* **ASSIGNED TASK**:
Starting from the line with "40 лет. Мои", please copy exactly every line to the end of the listing, but not the pictures.
** SOURCE RECORDS follows **
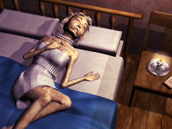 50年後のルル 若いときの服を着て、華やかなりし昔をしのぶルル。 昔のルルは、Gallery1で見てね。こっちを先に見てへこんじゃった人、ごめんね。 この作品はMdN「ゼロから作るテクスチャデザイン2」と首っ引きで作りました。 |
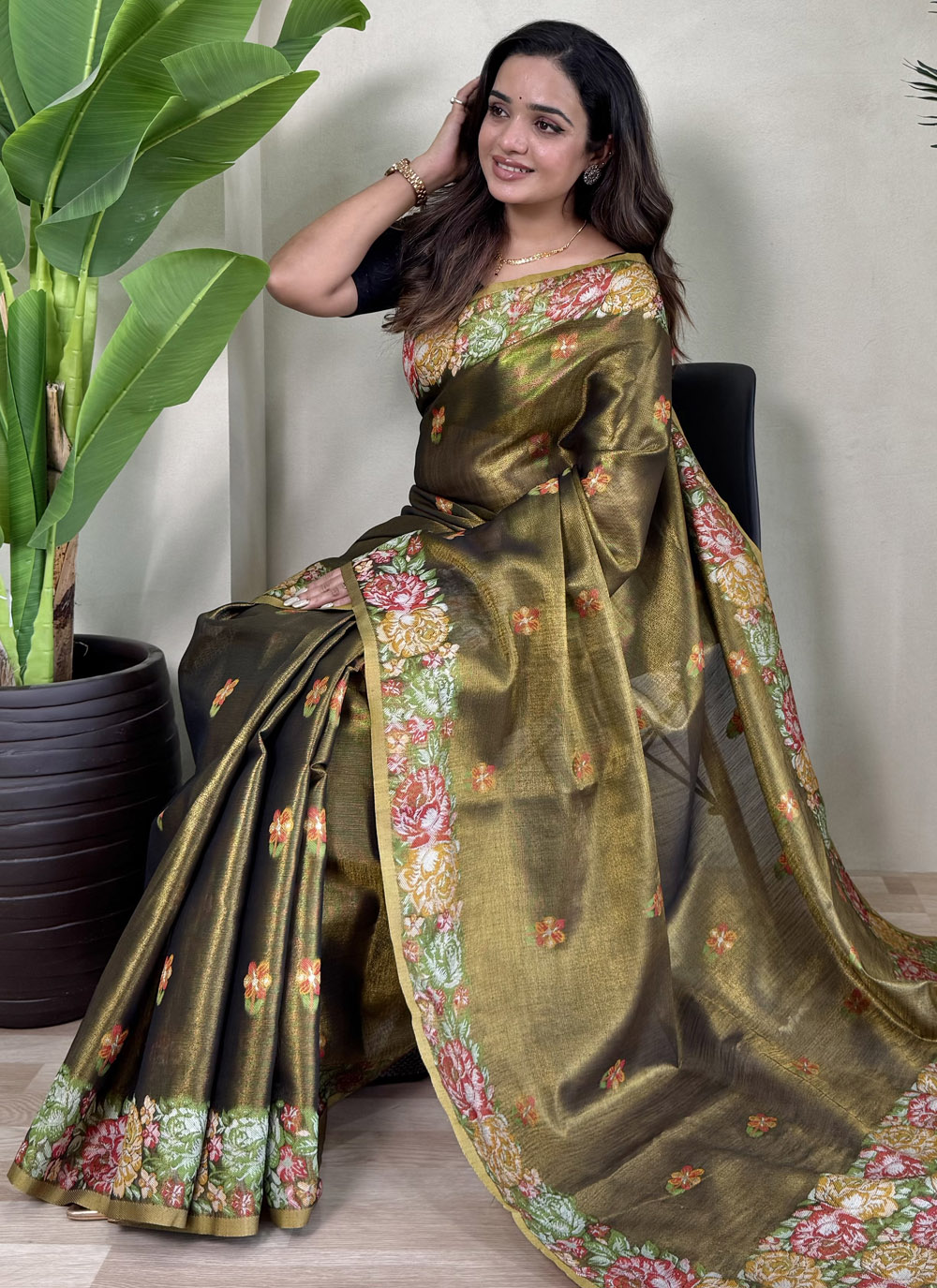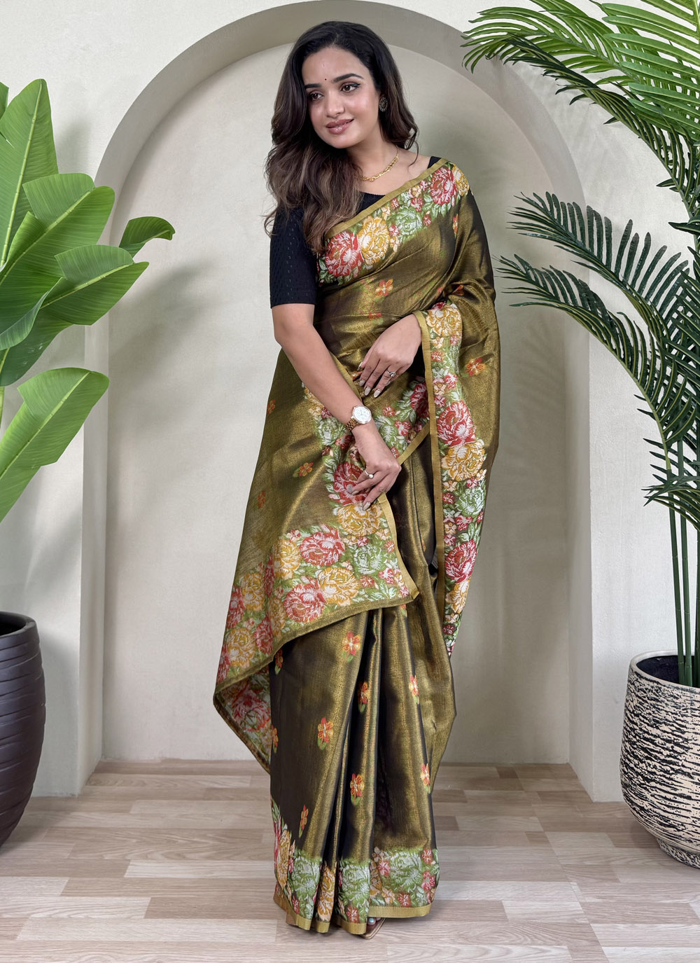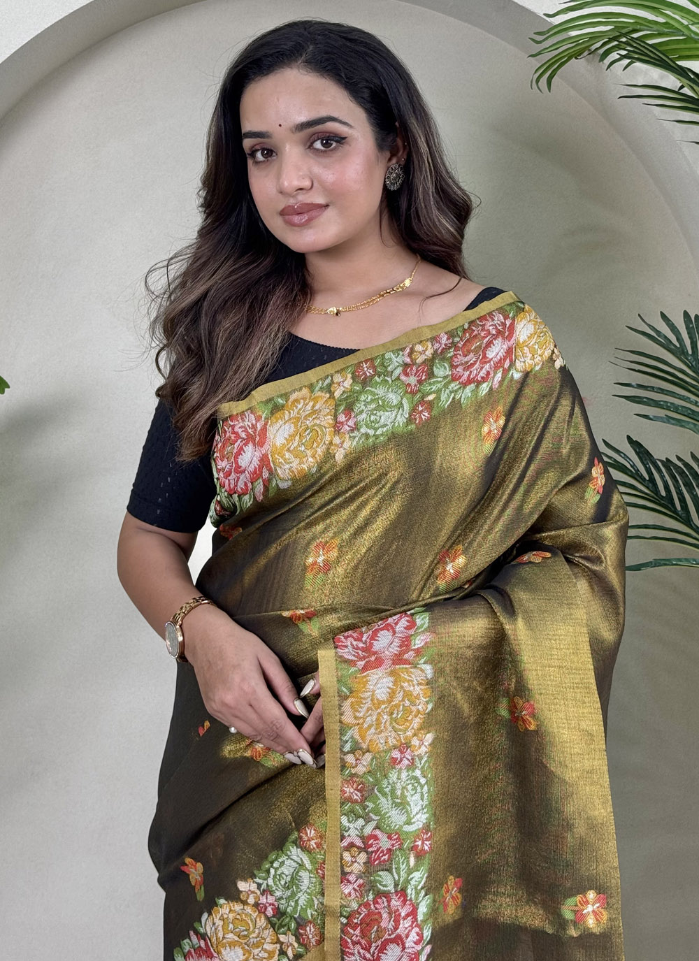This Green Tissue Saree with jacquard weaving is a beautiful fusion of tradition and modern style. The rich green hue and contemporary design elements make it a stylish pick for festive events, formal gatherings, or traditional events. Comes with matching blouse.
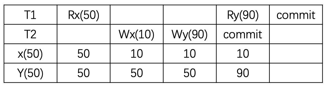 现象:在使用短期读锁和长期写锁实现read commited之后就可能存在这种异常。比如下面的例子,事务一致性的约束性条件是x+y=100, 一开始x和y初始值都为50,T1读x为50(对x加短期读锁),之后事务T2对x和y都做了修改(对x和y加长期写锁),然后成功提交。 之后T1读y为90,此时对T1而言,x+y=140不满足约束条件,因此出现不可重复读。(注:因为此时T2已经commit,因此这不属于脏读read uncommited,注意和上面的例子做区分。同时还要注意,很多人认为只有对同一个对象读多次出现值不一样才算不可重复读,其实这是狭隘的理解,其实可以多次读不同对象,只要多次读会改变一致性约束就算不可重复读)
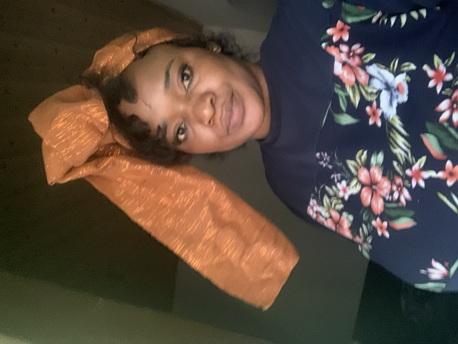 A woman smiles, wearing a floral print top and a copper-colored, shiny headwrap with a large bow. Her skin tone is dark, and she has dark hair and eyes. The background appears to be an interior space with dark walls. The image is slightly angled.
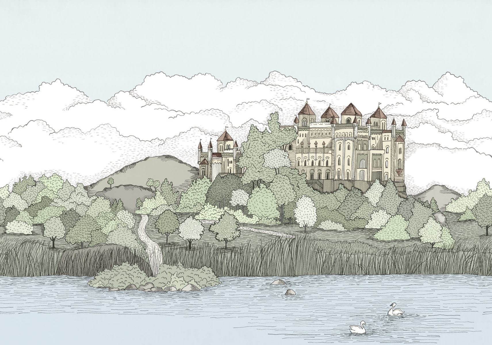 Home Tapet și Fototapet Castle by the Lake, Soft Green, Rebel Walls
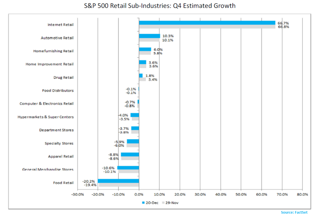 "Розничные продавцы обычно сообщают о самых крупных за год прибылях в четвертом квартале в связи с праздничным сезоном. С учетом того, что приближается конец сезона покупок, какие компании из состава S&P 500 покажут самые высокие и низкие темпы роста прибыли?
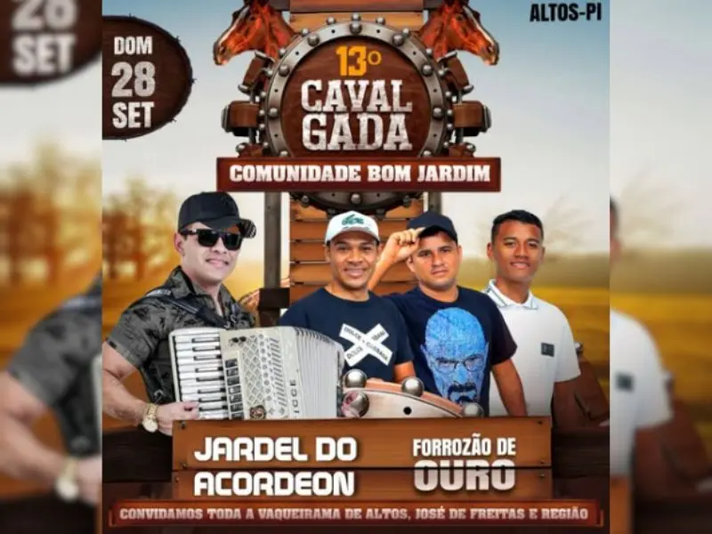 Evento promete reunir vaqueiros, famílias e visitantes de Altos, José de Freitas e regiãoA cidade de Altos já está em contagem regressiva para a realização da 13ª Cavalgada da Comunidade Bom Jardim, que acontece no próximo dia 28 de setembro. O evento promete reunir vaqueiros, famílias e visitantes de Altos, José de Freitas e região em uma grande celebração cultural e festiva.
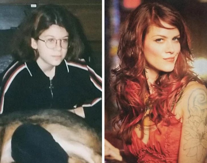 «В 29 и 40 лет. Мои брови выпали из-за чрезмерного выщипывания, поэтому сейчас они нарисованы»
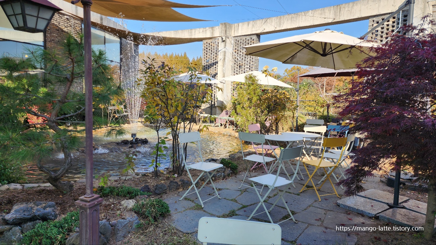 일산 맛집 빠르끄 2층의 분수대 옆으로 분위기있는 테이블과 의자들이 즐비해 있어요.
** End of SOURCE RECORDS **
* **ANSWER FOR THIS EXERCISE**:
 «В 29 и 40 лет. Мои брови выпали из-за чрезмерного выщипывания, поэтому сейчас они нарисованы»
 일산 맛집 빠르끄 2층의 분수대 옆으로 분위기있는 테이블과 의자들이 즐비해 있어요.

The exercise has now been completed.